Adrien Achille Proust (18 March 1834 – 26 November 1903) was a French epidemiologist and hygienist. He was the father of novelist Marcel Proust and doctor Robert Proust.

He studied medicine in Paris, where in 1862 he obtained his medical doctorate. Beginning in 1863 he worked as chef de clinique, and in 1866 earned his agrégation with the thesis Des différentes formes de ramollissement du cerveau (On different forms of softening of the brain). In 1869 he was sent on a mission to Russia and Persia in order to conduct cholera research – a journey in which he also visited Athens, Constantinople, Messina and several locations in Germany.

He was a professor of hygiene at the faculty of medicine in Paris, and chief physician at the Hôtel-Dieu de Paris.

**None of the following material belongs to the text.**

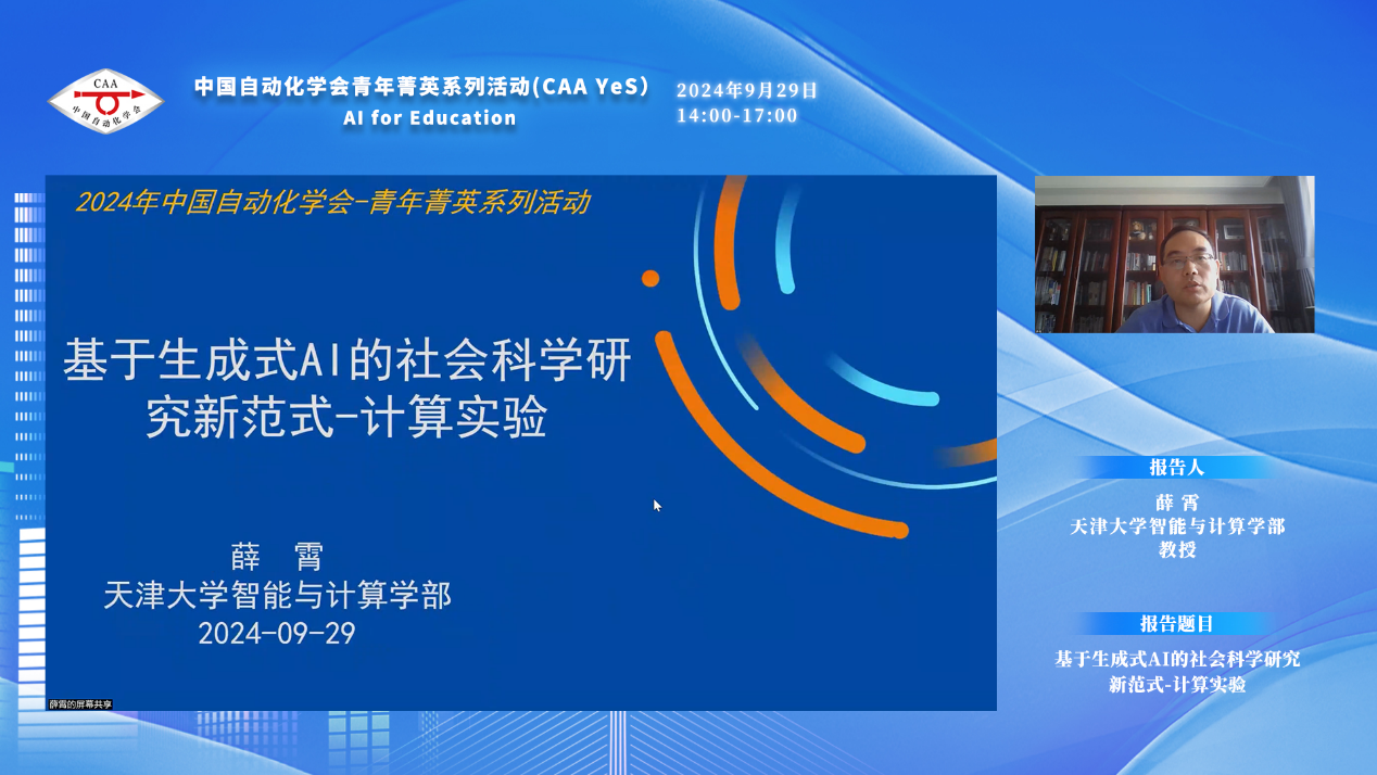 天津大学智能与计算学部教授薛霄的报告题目为“基于生成式AI的社会科学研究新范式——计算实验”,他分享了基于生成式Agent的计算实验方法,其核心理念是“生成式解释”,该方法旨在应对智能社会治理领域,由演化复杂性、关联复杂性与调控复杂性引发的一系列问题与挑战。

He was a member of the Comité d'Hygiène publique de France and of the Académie de médecine (from 1879), serving as its secretary from 1883 to 1888.

In 1888, Adrien Proust, believing like many doctors of his day that masturbation may lead to homosexuality, sent his son Marcel to a brothel with 10 francs. Marcel would relate the awkward experience of what occurred there in a letter to his grandfather.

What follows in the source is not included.